Historiquement, le Québec affiche un flux migratoire négatif avec l’Ontario depuis au moins le début des années 1970, selon un rapport récent dévoilé par la Banque Scotia. Or, la tendance s’est inversée dernièrement. Au deuxième trimestre 2021, le flux migratoire positif de l’Ontario vers le Québec a atteint un record historique.
L’abordabilité relative du marché immobilier résidentiel au Québec par rapport à celui de l’Ontario pourrait expliquer ce changement. « Une maison à Montréal coûte environ la moitié d’une maison à Toronto, explique M. Desormeaux en entrevue. Le marché du logement est beaucoup plus abordable. »
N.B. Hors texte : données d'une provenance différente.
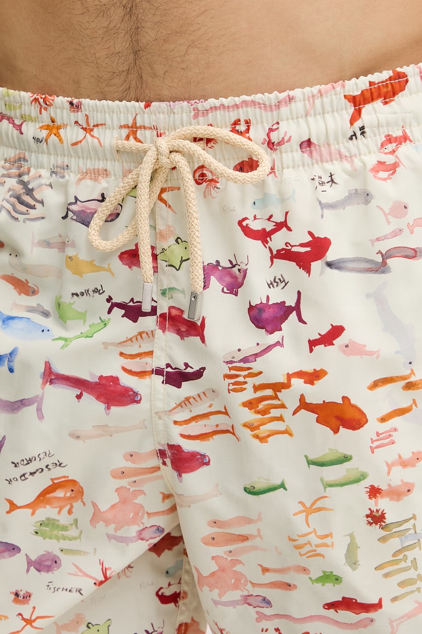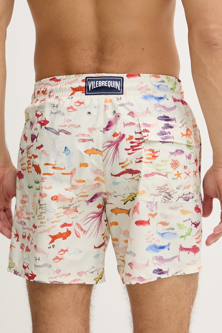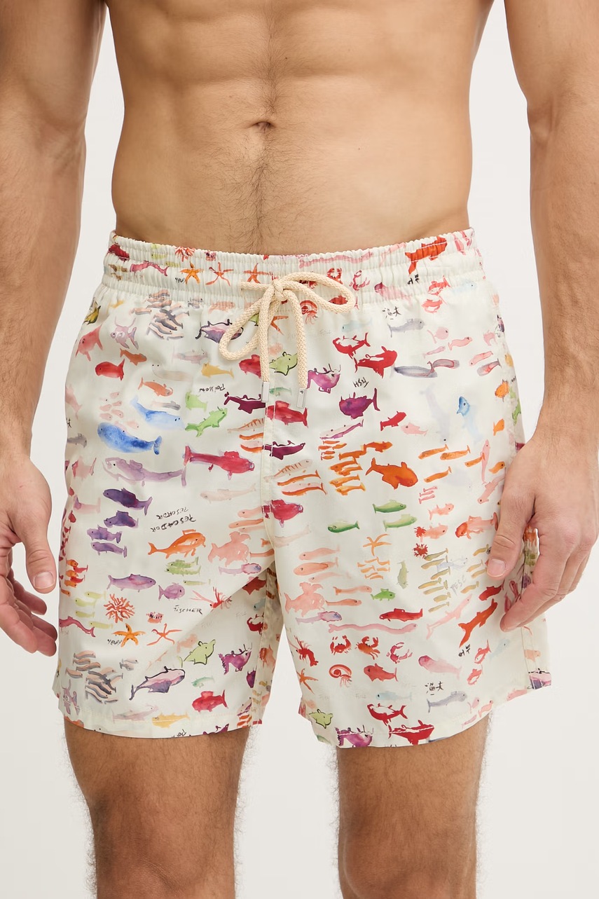 Pánské plavecké šortky Vilebrequin jsou univerzálním prvkem letního šatníku, který nabízí pohodlí a volnost pohybu při vodních aktivitách i relaxaci. Tento model, vyznačující se béžovou barvou a námořnickým vzorem se zvířecím motivem, je ideální na pláž, k bazénu nebo na letní výlety, kde se cení spojení funkčnosti s vytříbeným stylem.

Le télétravail facilite aussi la vie des professionnels qui voudraient travailler en Ontario, mais qui choisiraient de vivre au Québec. Il note que les Ontariens peuvent trouver des occasions d’emplois intéressantes au Québec dans le secteur des technologies, mais aussi des services financiers.
Il est encore trop tôt pour dire si les Ontariens vont continuer
à traverser la rivière des Outaouais, répond l’économiste. Il anticipe que le flux migratoire revienne aux alentours d’une perte de 9000 résidants annuellement pour le Québec au profit de l’Ontario.
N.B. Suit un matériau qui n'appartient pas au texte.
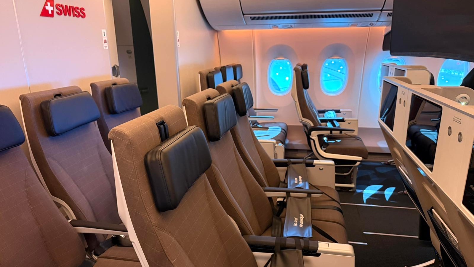 Die beiden ersten Economy-Reihen sind aktuell faktisch aber sogar nur eine. Denn die Plätze in der vordersten darf Swiss - wie auch ihre Schwester Lufthansa im Airbus A350 - noch nicht verkaufen. Denn weil sie vor den Premium Economy-Sitzen mit ihren Hartschalensitzen stehen, braucht es für sie eine zusätzlichen Schutz im Falle einer Bruchlandung.

Si la perte de 9000 résidants peut paraître comme une goûte dans l’océan pour le Québec par rapport à ses 8,5 millions d’habitants, cela peut faire une différence à long terme. En ayant un flux migratoire neutre entre les provinces, la croissance économique du Québec augmenterait de 1 point de pourcentage pour la prochaine décennie par rapport aux prévisions de base de l’économiste, croit-il.
Possible de rattraper l’Ontario?
Québec s’est donné l’objectif de rattraper son écart de richesse avec l’Ontario (PIB par habitant) d’ici 2036, a annoncé le gouvernement dans sa mise à jour économique dévoilée jeudi. L’obsession du premier ministre François Legault de rattraper l’économie ontarienne est bien connue, mais il s’agissait de la première fois que son gouvernement dévoilait un échéancier pour y parvenir.
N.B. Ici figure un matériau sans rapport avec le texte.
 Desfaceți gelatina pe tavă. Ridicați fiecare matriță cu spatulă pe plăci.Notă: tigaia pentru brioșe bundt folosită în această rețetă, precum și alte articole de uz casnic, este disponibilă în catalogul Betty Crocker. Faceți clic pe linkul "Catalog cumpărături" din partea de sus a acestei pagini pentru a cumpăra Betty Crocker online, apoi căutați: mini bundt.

L’objectif est de ramener l’écart du PIB réel par habitant à 10% en 2026 et de le faire disparaître complètement d’ici 2036. Depuis 2017, l’écart de richesse est passé de 16,4% à 12,9%, selon le ministère des Finances.
Le Québec aura fort à faire pour atteindre cet objectif, a reconnu Eric Girard, ministre des Finances, lors d’un point de presse jeudi. «Quinze ans pour fermer un écart de richesse qui est là depuis presque 100 ans, je pense que c’est réaliste. Ça peut paraître long, mais c’est extrêmement ambitieux.»
Questionné sur le sujet, M. Desormeaux juge qu’il est difficile de se prononcer sur la faisabilité de ce rattrapage. À long terme, une croissance plus forte devra passer par la main-d’œuvre, la technologie et les investissements, ajoute-t-il.
La reprise économique a été plus vigoureuse au Québec qu’en Ontario cette année. M. Desormeaux croit que la Belle Province aura la plus forte croissance au Canada en 2021. La reprise ontarienne, pour sa part, a été retardée par les restrictions sanitaires plus sévères au printemps dernier et par l’impact de la pénurie de semi-conducteurs sur l’industrie automobile. Indépendamment de ce qui se passe au Québec, ces problèmes devraient se tempérer, ce qui devrait renforcer la reprise économique en Ontario, croit l’économiste.
La pénurie de main-d’œuvre reste un défi structurel pour le Québec dans sa course contre son voisin, note l’économiste. Au Québec, il y avait 279 000 postes vacants en septembre, selon des données publiées jeudi par Statistique Canada.
Cela représente 7,3% des postes. Seule la Colombie-Britannique a un taux plus élevé à 7,4%, souligne M. Desormeaux. En Ontario, le taux de postes vacants est de 5,6%. «La pénurie de main-d’œuvre, c’est un défi partout, mais c’est un défi pour le Québec en particulier.»